- _EXERCISE INSTRUCTIONS_
Look through the entries below and copy exactly the part that begins with the line containing "Set of Necklace" and ends with the line containing "The recipe, from". Do not copy the pictures.

- _RECORDS SHOWN_
----
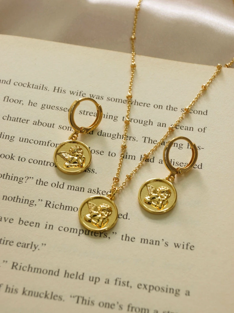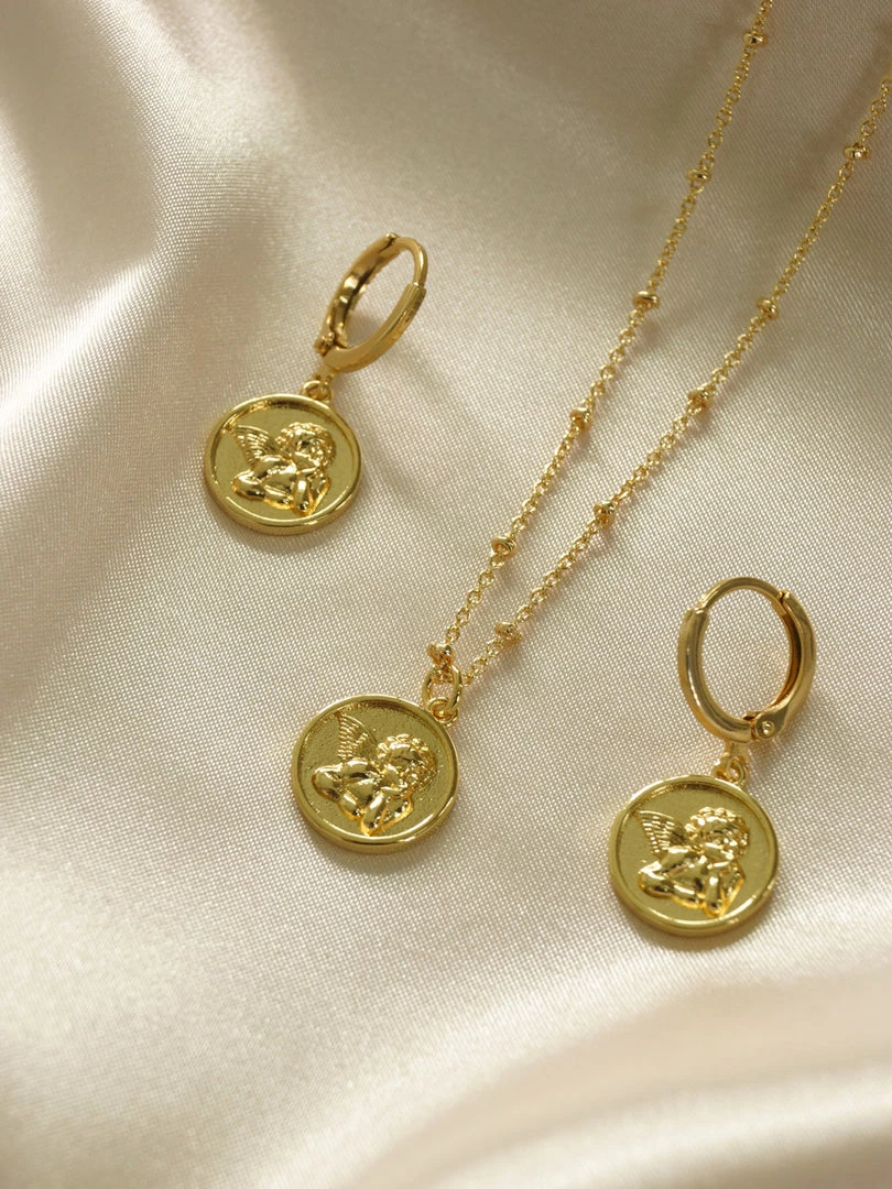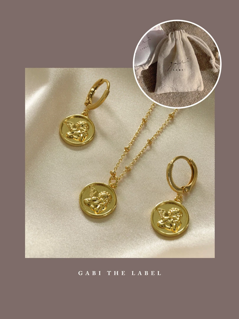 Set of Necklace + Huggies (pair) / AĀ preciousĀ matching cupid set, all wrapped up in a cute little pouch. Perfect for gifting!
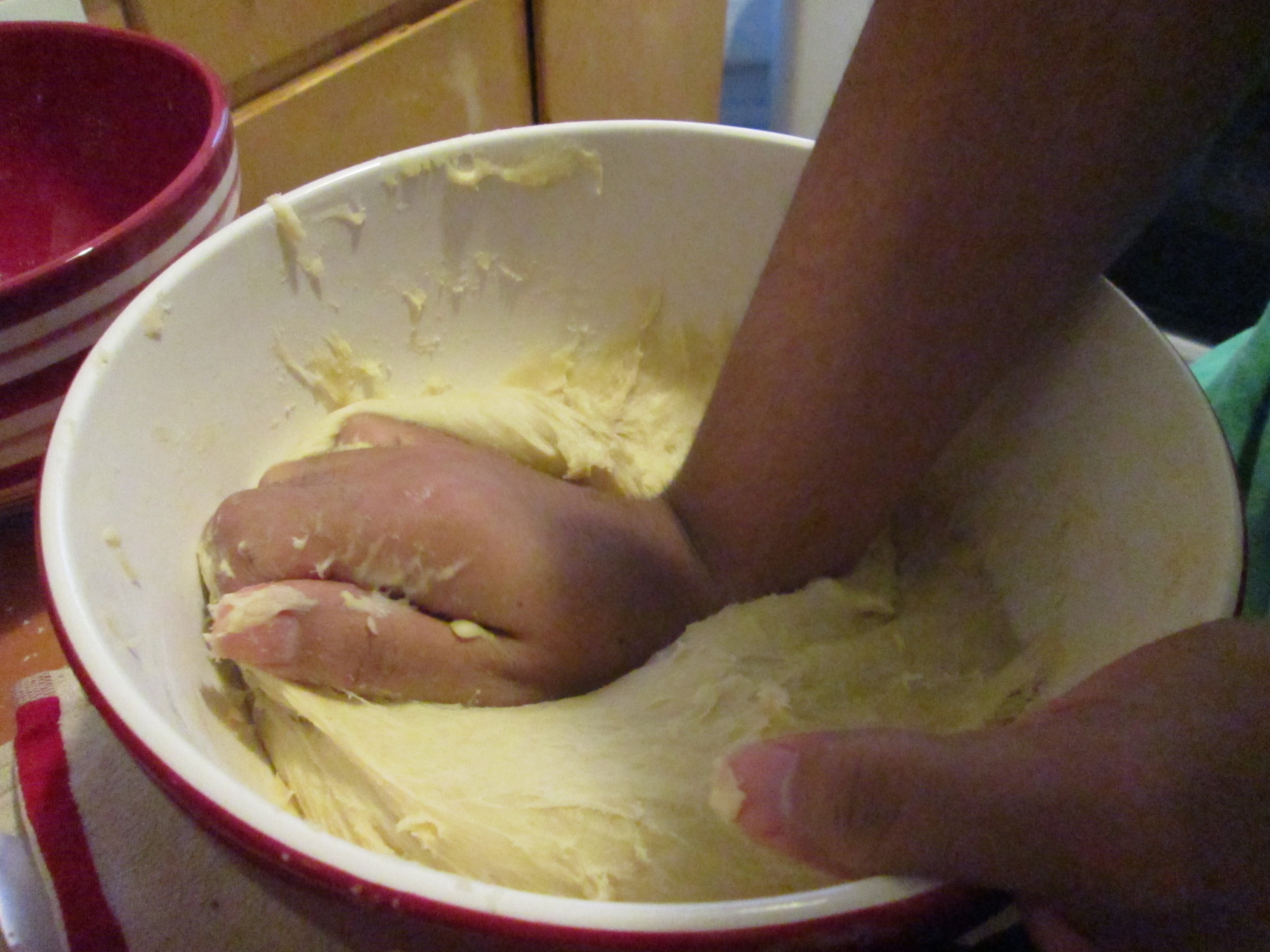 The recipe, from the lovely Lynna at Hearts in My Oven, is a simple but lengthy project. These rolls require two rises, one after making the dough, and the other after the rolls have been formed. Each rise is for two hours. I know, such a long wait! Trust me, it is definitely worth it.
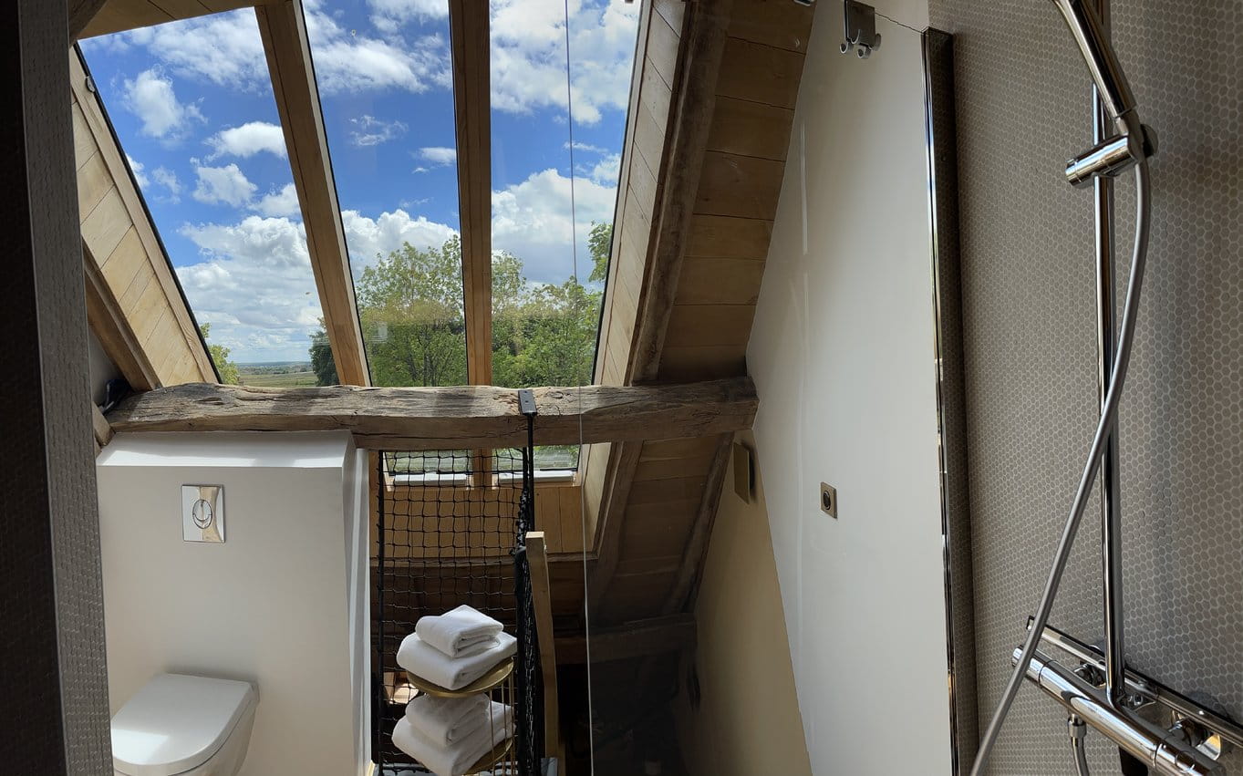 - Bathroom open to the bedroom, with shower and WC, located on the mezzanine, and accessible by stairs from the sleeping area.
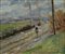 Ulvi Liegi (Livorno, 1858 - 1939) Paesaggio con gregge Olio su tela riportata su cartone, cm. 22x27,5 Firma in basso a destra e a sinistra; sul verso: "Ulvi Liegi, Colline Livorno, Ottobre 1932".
----
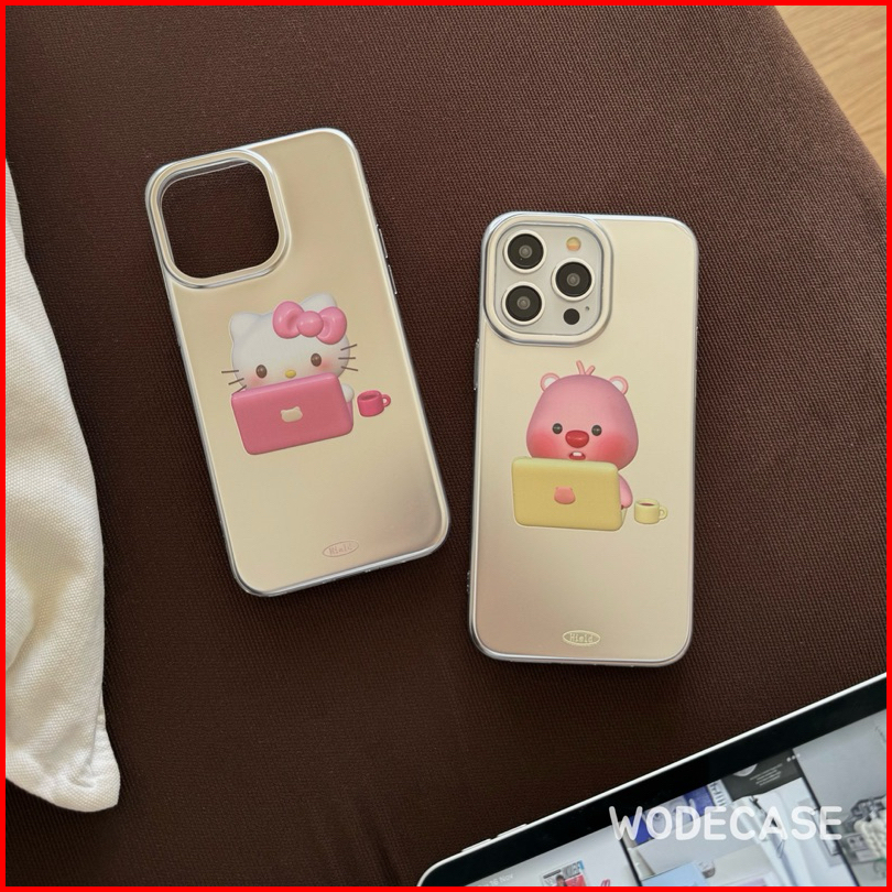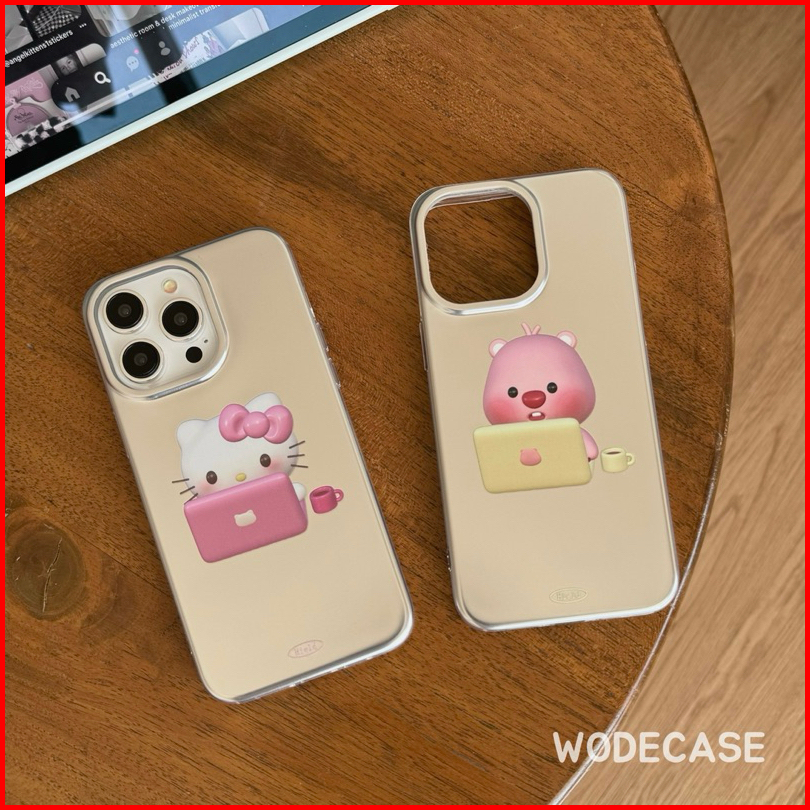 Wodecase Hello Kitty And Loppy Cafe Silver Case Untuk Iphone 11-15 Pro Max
----
- _ANSWER_
 Set of Necklace + Huggies (pair) / AĀ preciousĀ matching cupid set, all wrapped up in a cute little pouch. Perfect for gifting!
 The recipe, from the lovely Lynna at Hearts in My Oven, is a simple but lengthy project. These rolls require two rises, one after making the dough, and the other after the rolls have been formed. Each rise is for two hours. I know, such a long wait! Trust me, it is definitely worth it.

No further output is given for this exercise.